Cystatin-C was reported to be a surrogate of kidney function while a high level of this marker has been shown to be a strong predictor of CardioVascular (CV) events in patients with Chronic Kidney Disease (CKD). It has also been shown to correlates with CV events and with carotid plaque and preclinical atherosclerosis (i.e. Intima Media Thickness – IMT) in patients without CKD or known CV risk factors, although these results have not been confirmed by recent studies.
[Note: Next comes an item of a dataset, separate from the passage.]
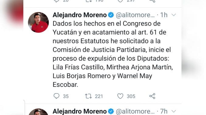 «Dados los hechos en el Congreso de Yucatán y en acatamiento al art. 61 de nuestros Estatutos he solicitado a la Comisión de Justicia Partidaria, inicie el proceso de expulsión de los Diputados: Lila Frías Castillo, Mirthea Arjona Martín, Luis Borjas Romero y Warnel May Escobar«, se lee en twit.
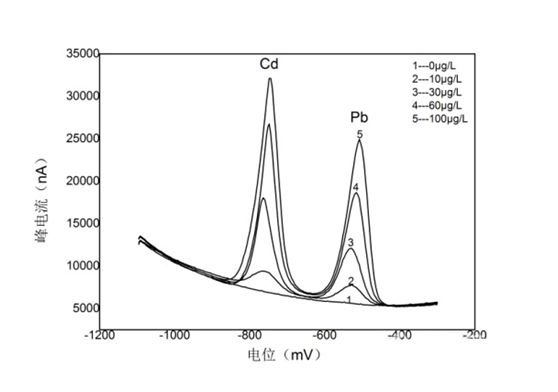 为验证溶出伏安法对于重金属铅、镉离子的测量性能,对0μg/L、10μg/L、30μg/L、60μg/L、100μg/L铅镉标准溶液进行分析测试。由于支持电解液中含有一定浓度的铋离子,在富集过程中,铅离子、镉离子和铋离子可以在玻碳电极表面形成共沉积。在随后的伏安扫描过程中,几种元素又可以被氧化和释放,形成尖锐的溶出峰,如图2所示。铅离子和镉离子的溶出电位分别为-0.5V和-0.8V,峰形尖锐,对称性较好,相互之间不产生干扰,因此铅离子和镉离子可以使用溶出伏安法同时测定。

The present work is aimed at assessing the association between cystatin-C and carotid atherosclerosis in a population free of CKD and CV diseases.

Design and method:

We studied 480 healthy and normotensive blood donor subjects. We evaluated common carotid IMT and plaques by ultrasound (Philips 5500, 7.5 Hz Probe) together with office Blood Pressure (BP). Cystatin-C was measured on plasma (ELISA methods); blood glucose, total, HDL and LDL cholesterol were also measured.

Results:

2.5% of the population (12 subjects) showed an IMT higher than 0.9 mm. Those subjects were older (53.1 ± 7.5 vs 44.7 ± 9.6 years, p < 0.001) and showed a significantly higher plasma glucose (97.6 ± 19.2 vs 89.6 ± 10.6 mg/dL, p = 0.01) and Cystatin-C levels (0.72 ± 0.29 vs 0.62 ± 0.13 mg/L, p < 0.05) than subjects with IMT < 0.9 mm. 8.9% of the population (43 subjects) had carotid plaque. Those subjects were older (52.7 ± 7.6 vs 44.9 ± 9.6 years, p < 0.001) and showed higher plasma glucose (94.4 ± 12.7 vs 89.8 ± 11.1 mg/dL, p = 0.01) total and LDL cholesterol (Total ch:208.1 ± 29.4 vs 195.3 ± 32.6 mg/dL, p = 0.08; LDL ch:132.8 ± 27.6 vs 122.1 ± 30.4 mg/dL, p = 0.01) and Cystatin-C levels (0.69 ± 0.12 vs 0.62 ± 0.13 mg/L, p < 0.05) than subjects without plaques. In every case statistical significance survived to age correction.

Results:

Plasma levels of Cystatin-C linearly significantly and positively correlated with traditional risk factors, i.e. age (r = 0.17, p < 0.001), waist circunference (r = 0.23, p < 0.001), IMT (r = 0.16, p = 0.002), SBP (r = 0.14, p = 0.001), glucose (r = 0.12, p = 0.005) and creatinine (r = 0.11, p < 0.001), while negatively with HDL cholesterol (r = −0,21, p < 0.001). The independent predictors of Cystatin-C levels at multivariate analysis were IMT (β = 0.02, p = 0.005), waist circonference (β = 0.07, p < 0.001) and HDL cholesterol (β = 0.02, p = 0.01).

Conclusions:

Our results suggest that in healthy subjects without CKD with carotid OD cystatin-C is increased, well reflecting arterial damage also in absence of essential hypertension or CKD. In healthy normotensive blood donors Cystatine-C is a marker of the atherosclerotic process and well correlates with traditional risk factors.